Os advogados e a família dos “mercenários americanos” confiam no Relatório Leveson, que tem 11 fatores que devem ser analisados em casos como estes, que Mark não quis discutir nesta entrevista devido a limitações de tempo. Mas ele explicou que basicamente compreende três factos importantes: “Onde estão as pessoas realmente inocentes do crime? Será que as pessoas detidas estão a ser usadas como peões políticos para uma negociação? Foi dado às pessoas o devido processo no país? Bem, no caso de Luke e Airan, é indiscutível que a Venezuela está a tentar utilizá-los para negociar. Afirmaram regularmente que estão a tentar, que estão a ser mantidos como prisioneiros políticos. Jorge Rodríguez Rodríguez mencionou-os várias vezes quando fala com os seus homólogos norte-americanos. E falam das condições em que soltariam os detidos. “Se fizerem isto, estamos dispostos a libertar os Boinas Verdes”, acrescentou.

O irmão de Luke afirmou que: “Eles estão a ser negociados, essa é outra questão, nem Luke e Airan nem os seus advogados foram alguma vez exatamente informados das acusações em contra. Eles não querem ser reconhecidos por esse país. Após a alegada confissão em vídeo, foram condenados a 20 anos de prisão, mas em nenhum momento foram objeto de um processo justo nos termos da lei. De facto, foi-lhes dito que, assim que fossem informados das acusações, o processo de negociação da confissão começaria.

Acha que a negociação é a troca de Luke Denman e Airan Berry pelo diplomata Alex Saab?

Já ouvi essa ideia a circular muito. Não tenho informações exatas sobre o que as pessoas de alto nível estão a fazer nestas negociações. Somos uma família simples do Texas. Ouvi muitas ideias a dizerem se é de facto uma troca de prisioneiros entre nações. Não sabemos exatamente quais são as propostas, mas esperamos certamente que estejam a acontecer como temos escutado.

É de notar que, na altura em que as autoridades venezuelanas apresentaram o caso, Jorge Rodriguez, VP de comunicação e informação referiu-se aos norte-americanos como duas pessoas acusadas dos crimes de tentativa de golpe de estado e tentativa de magnicídio e que ambos estavam detidos sob as ordens da justiça venezuelana no Serviço de Informações (Sebin).

Luke Denman e Airan Berry, antigos soldados e empregados da empresa militar norte-americana Silvercorp, foram condenados em julho, três meses após terem sido presos. O julgamento foi conduzido em tempo recorde em comparação com outros casos criminais em curso no país das Caraíbas.

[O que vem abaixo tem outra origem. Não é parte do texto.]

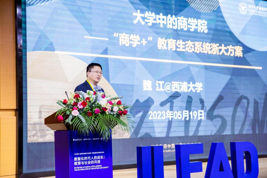 浙江大学管理学院院长魏江教授(下图)以浙大“商学+”教育生态系统的新方案为例,介绍了学院人才培养的定位。他提到:“数智化背景下的高质量人才应具备扎实的学术基础和跨学科的知识储备,拥有在复杂的商业环境中提出创新思维和解决问题的能力。同时,他们也应具备领导团队和与他人合作的能力,关注社会责任和可持续发展。”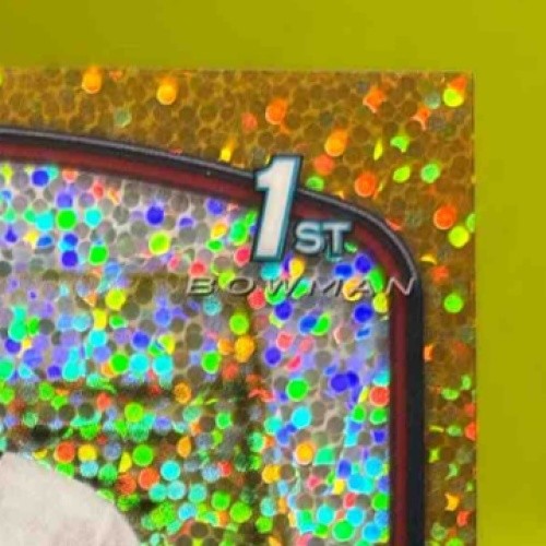 This rare 2023 Bowman Chrome Luis Guanipa Auto Gold Speckle /50 1st Prospect Braves trading card is a must-have for any baseball card collector. With Guanipa being a top prospect for the Braves, this card is a valuable addition to any collection. Grab it now before it's gone! Listed With Mascot.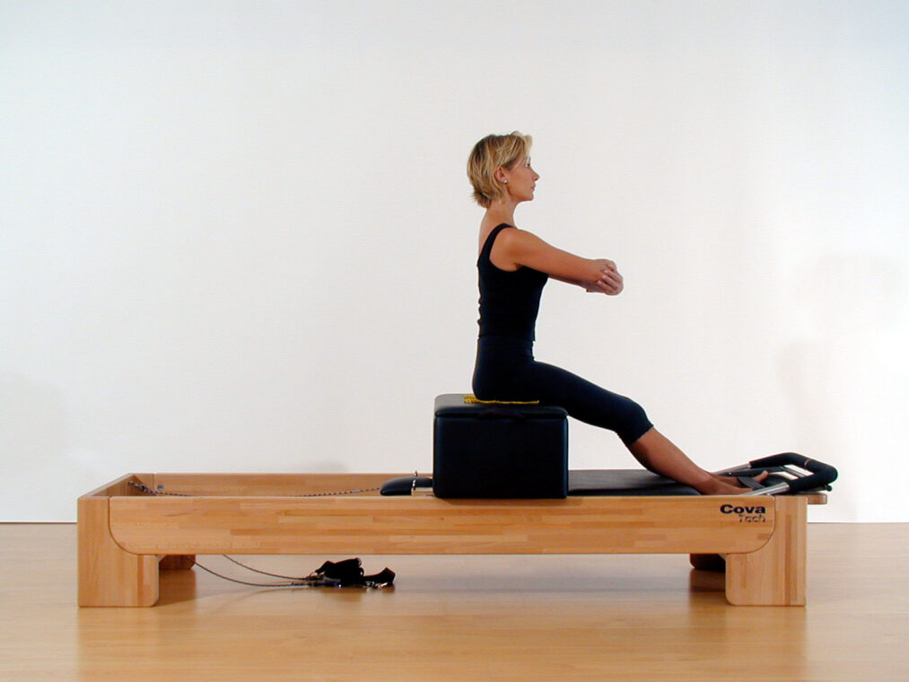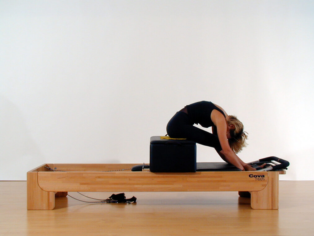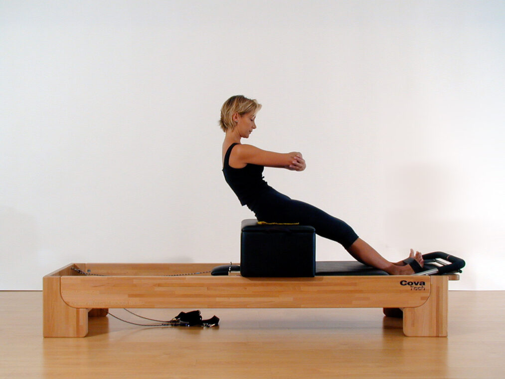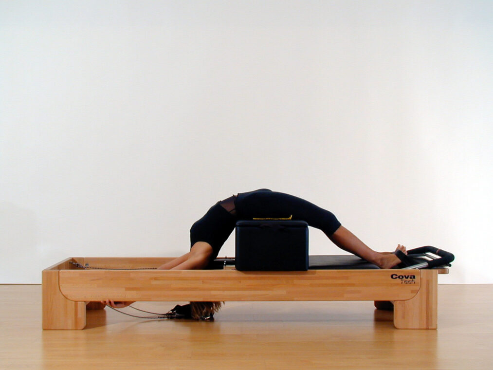 Abbassate la barra poggiapiedi e posizionate il box (il parallelepipedo di supporto per il corpo) trasversalmente sulla pedana mobile. Agganciate 2 molle e sedetevi al centro del box, con le gambe tese e i piedi infilati nella cinghia ferma-piedi, posta vicino alla scatola delle molle. Il busto è eretto e le braccia sono conserte. Espirando, inclinate il busto all’indietro, inarcando la schiena in modo da farle assumere una forma a C. Inspirate, poi espirando fate risalire il busto e flettetelo sulle cosce, chiudendovi a libro, fino a portare la fronte alle ginocchia. Ripetete 3-5 volte questo movimento di preparazione, poi passate a eseguire l’esercizio completo: quando fate scendere il busto all’indietro, arrivate ad allungarvi completamente, appoggiando la nuca al poggiatesta, inarcando la schiena e portando le braccia ai lati della testa. Poi risalite e flettete il busto sulle cosce (come nella fase di preparazione). Eseguite la sequenza 3-5 volte.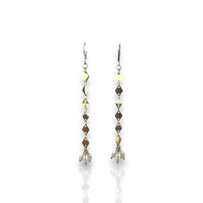 Pendientes con cada de rombos en dorado y perlitas al final.Estn hechos de acero quirrgico. Este material no pierde el color y no es alrgico.Material: acero alergnicoEste articulo esta diseado y fabricado integramente en Europa e importado por Sorellas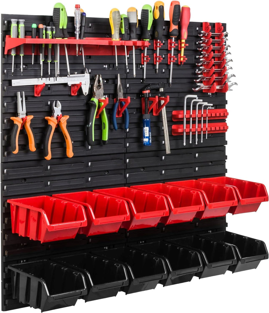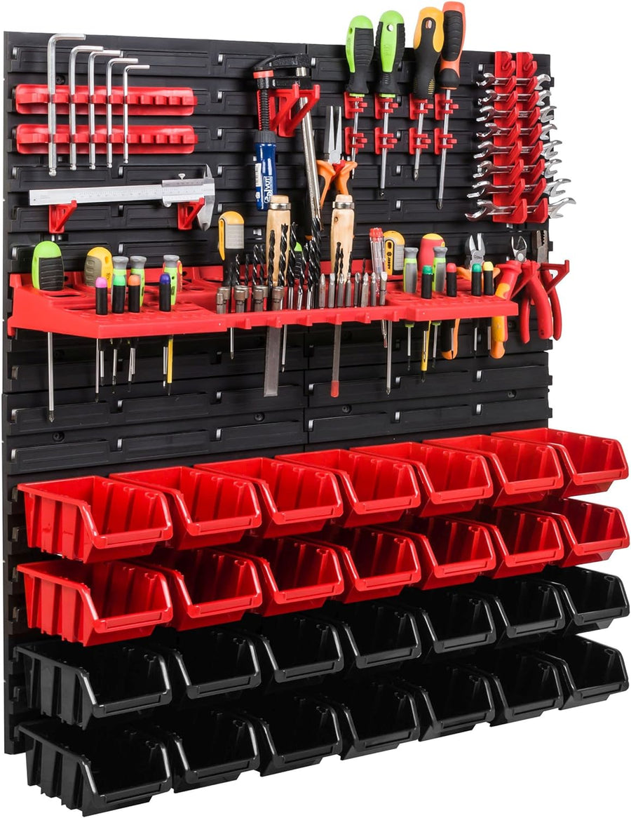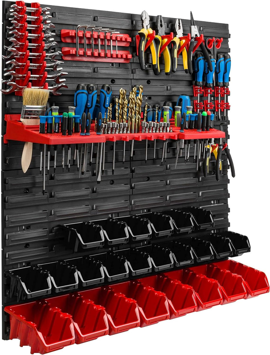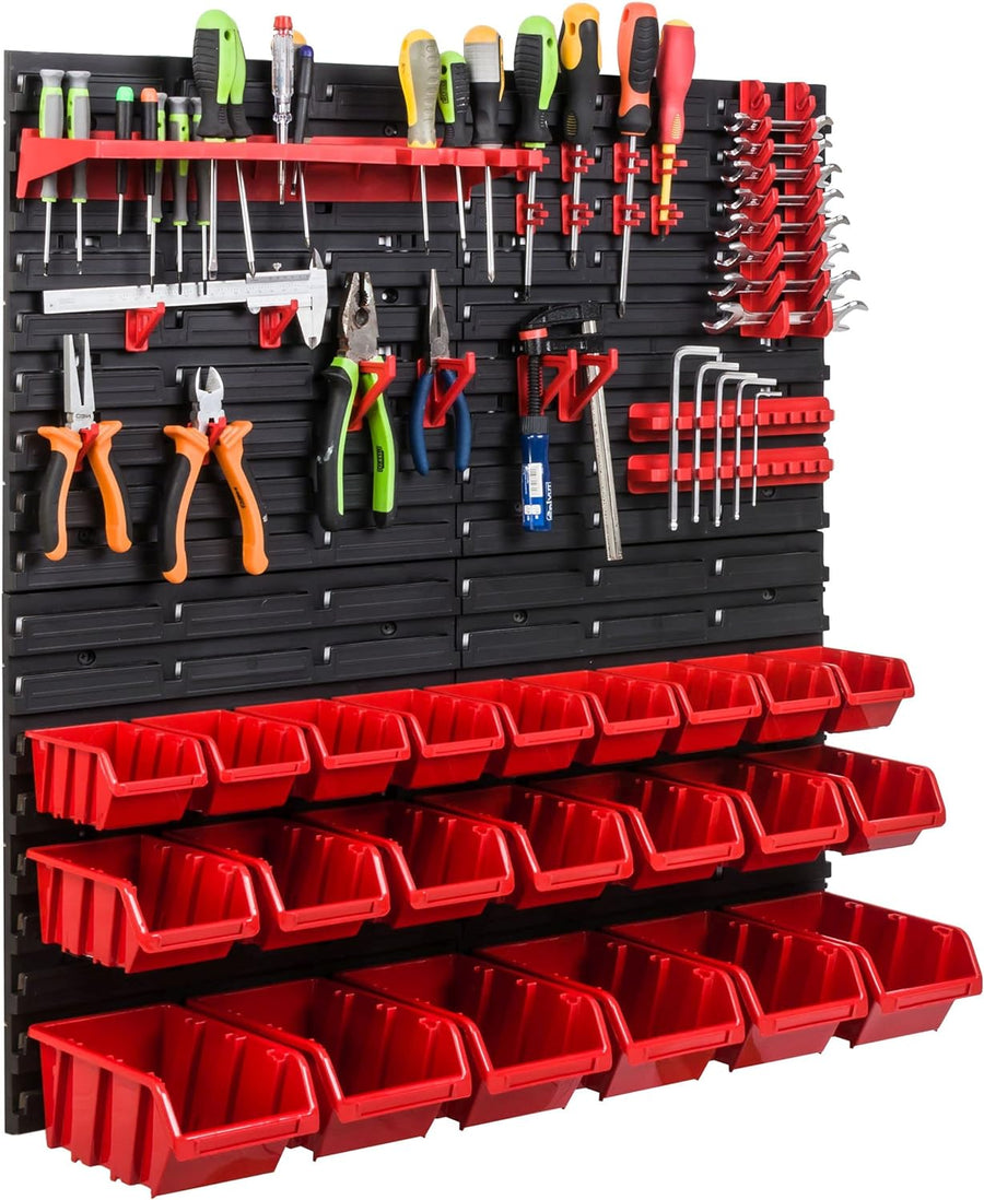 Lagersystem Werkstattregal | 78 x78 cm | 28 stck. Box | Wandregal mit Werkzeughalterungen und Stapel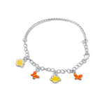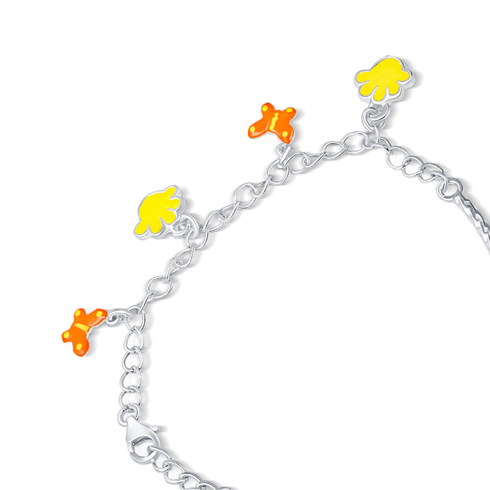 Indulge in the ethereal beauty of our Flower and Butterfly Charms Sterling Silver Bracelet. Hand-crafted with intricate details, this bracelet features delicate flowers and butterflies adorned with yellow and red enamels. Perfect for your little girl, it will make a treasured gift that she will cherish for years to come.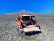 標高2050m辺りに放置されておよそ40年、車種はアメリカのクライスラー社製Jeepのグランドワゴニア。四駆をもって富士山山頂を目指すもここで走行不能になり、放置されてしまった。その時代は車両での富士山走行は出来たようで、車両の走行性能テストも行われたようである。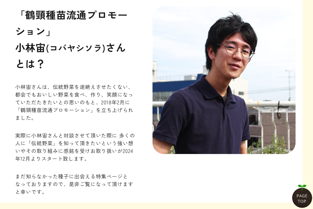 "코바야시 히로시 씨는 전통 채소가 사라지지 않게 하며, 도심에서도 맛있는 채소를 먹고 재배하며 웃음이 피어나길 바라는 마음으로 2018년 2월 ‘카쿠케이 종묘 유통 프로모션’을 시작했습니다.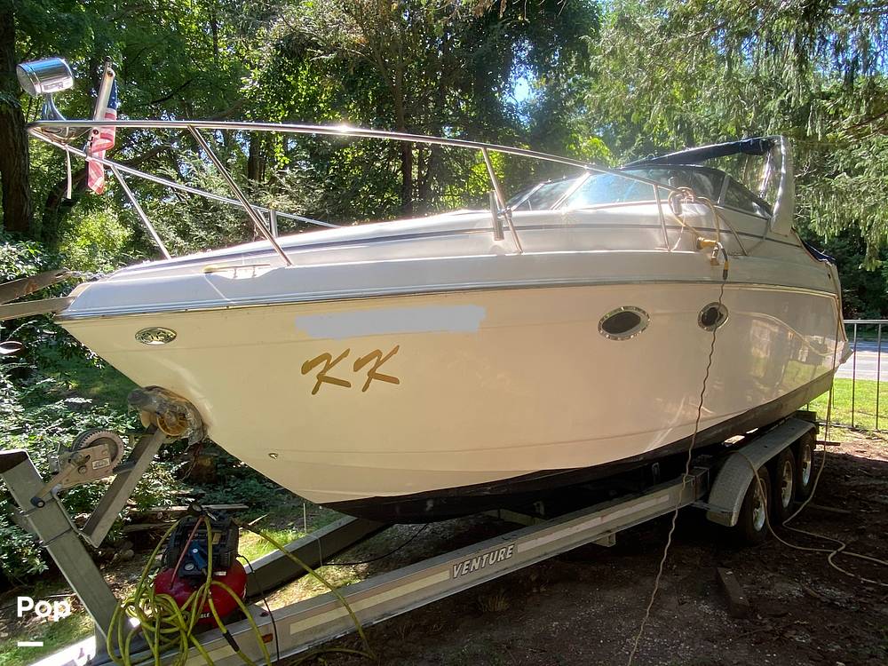 This 2002 Rinker 270 Fiesta Vee is a great express cruiser with a 9-foot beam and plenty of room for friends and family. On deck, there is plenty of seating and a large swim platform for easy entry and exit from the water.

No entanto, Rendón explicou posteriormente que: “No final, não lhes deu “luz verde”. Juan Guaidó não assinou o acordo”. Isto seria uma contradição com as declarações feitas pelo irmão de um dos detidos na Venezuela, bem como com a cassete que ficou viral mostrando a assinatura de Juan Guaidó no documento.

Em julho de 2020, dois dos seis antigos executivos da Citgo detidos na Venezuela, conhecidos como Citgo 6, foram colocados sob prisão domiciliária, segundo o diplomata norte-americano Bill Richardson, que se encontrou com o Presidente venezuelano Nicolás Maduro há quinze dias para discutir o assunto. No entanto, no mesmo dia da extradição de Alex Saab, os Citgo 6 regressaram à prisão.

Por seu lado, “os mercenários”, como o atual governo venezuelano indica, são antigos os Boinas Verdes, Airan Berry e Luke Denman, que continuam detidos e acusados nesse país: “Uma tentativa de invasão orquestrada por elementos da oposição venezuelana” e a sua família continua a fazer todos os esforços humanos possíveis para que o governo dos EUA os traga de volta, alimentando numa das suas esperanças o intercâmbio diplomático entre os detidos e tendo em conta que o mesmo poderia acontecer com o diplomata venezuelano detido, Alex Saab.

Alex Saab foi detido e extraditado para os Estados Unidos de uma prisão em Cabo Verde para ser julgado inicialmente a 3 de janeiro. O julgamento foi adiado devido a um recurso interposto pela defesa do diplomata venezuelano. O governo dos EUA está a acusá-lo de possível branqueamento de capitais e negócios ilícitos, onde alegadamente facilitou lucros milionários a Nicolás Maduro em importações para a Gran Misión Vivienda Venezuela entre 2011 e 2015.